The Los Angeles Times Festival of Kooks
Writing by treason on Sunday, 29 of April , 2007 at 7:10 pm
I’ve developed the dangerous habit of spending entire weekends with C-SPAN – especially C-SPAN 2, or “Book TV.” I like to watch the book festivals and this weekend featured one sponsored by the Los Angeles Times. I knew I was in for some fun when I started getting the feeling that many of the panelists and participants were acting as if Christopher Hitchens was the event’s token right wing fanatic.
Another Chris was there — Chris Hedges — and he was quick to make the point that if the U.S. engages in a war with Iran he’ll stop paying his taxes. He has friends in the Middle East — friends in Gaza, Tehran, and Lebanon — and he just won’t support such a war. He will, however, support the impeachment of George Bush, because rules are important, laws are important, and Bush has violated rules and laws. If I stopped paying my taxes, I’d be violating certain rules and laws. Obviously these rules and laws don’t apply to Mr. Hedges.
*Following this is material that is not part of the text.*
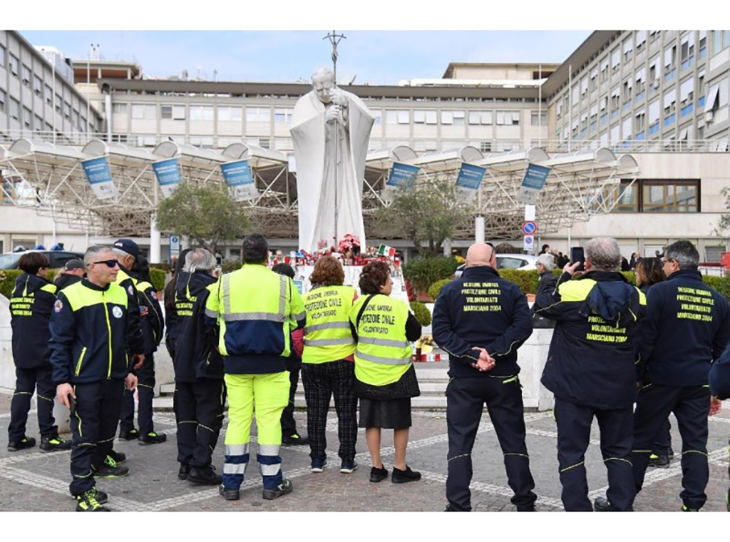 Ispred bolnice Gemelli u Rimu, gdje se papa Franjo oporavlja od obostrane upale pluća, okupili su se i volonteri civilne zaštite. Njihova nazočnost simbolizira podršku i solidarnost s Papom, kao i zahvalnost zdravstvenim djelatnicima koji skrbe za njega.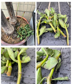 修剪下来的长寿花的茎,每一段起码有一两个以上的生长节点,生长节点就是它长叶子的位置,就是在节点的下方剪断剪下来的茎不要马上用于扦插,一定要先晾干伤口。

But I fully understand his feelings. He has friends in the desert. The U.S. has friends in the desert, too, and they are called Israelis. Mr. Hedges has not fully explained how we are to support those friends, so I suspect an entire country is somehow less important than an assortment of his personal friends.
He dropped the I-word at the festival and received a standing ovation from a portion of the audience. I’m going to assume that it is all right for the Democrats to pursue impeachment because it’s no longer a bad thing. How can it be? Because if impeachment was bad, why would so many people be so hot to have an impeached Clinton back in the White House? It’s not bad – it’s just America’s way of saying that if they knew then what they know now they wouldn’t have voted the way they did. Impeachment is an easy fix for their mistake.
Robert Scheer was at the festival, too, and he and others applauded the November election because it really “means something.” It means, they submit, that the country is against the Republicans and against the war in Iraq. I like the way the Republicans get full credit for this war. Unlike many of my Democrat friends, I actually watched the “debate” in South Carolina, and some of those people voted for this war. A few of them even admitted that there is something called a “global war on terror.” If this war is a lie, if this war is illegal, if this war is an impeachable offense, then why isn’t Congress being held accountable?
The pacifists in the group seem to be more concerned about global warming. They’re anti-war and pro-planet. Humans, they say, are responsible for war and for the destruction of the planet. My question is this: If humanity is so bad, contributing to the death of our planet and all, why not then support this war and the annihilation of the species in order to save the planet?
The Democrats won the last election and pundits are quick to say: This is significant! They also say that 2008 will be a “slam dunk” — the country is so obviously against the Republicans and the war that they will overwhelmingly vote for a Democrat congress and president. This is strange, considering their argument in 2006 about the importance of “checks and balances,” but why rain on their parade?
But what if – by some weird chance – a majority votes for Republicans in 2008? What, then, will be the significance of that?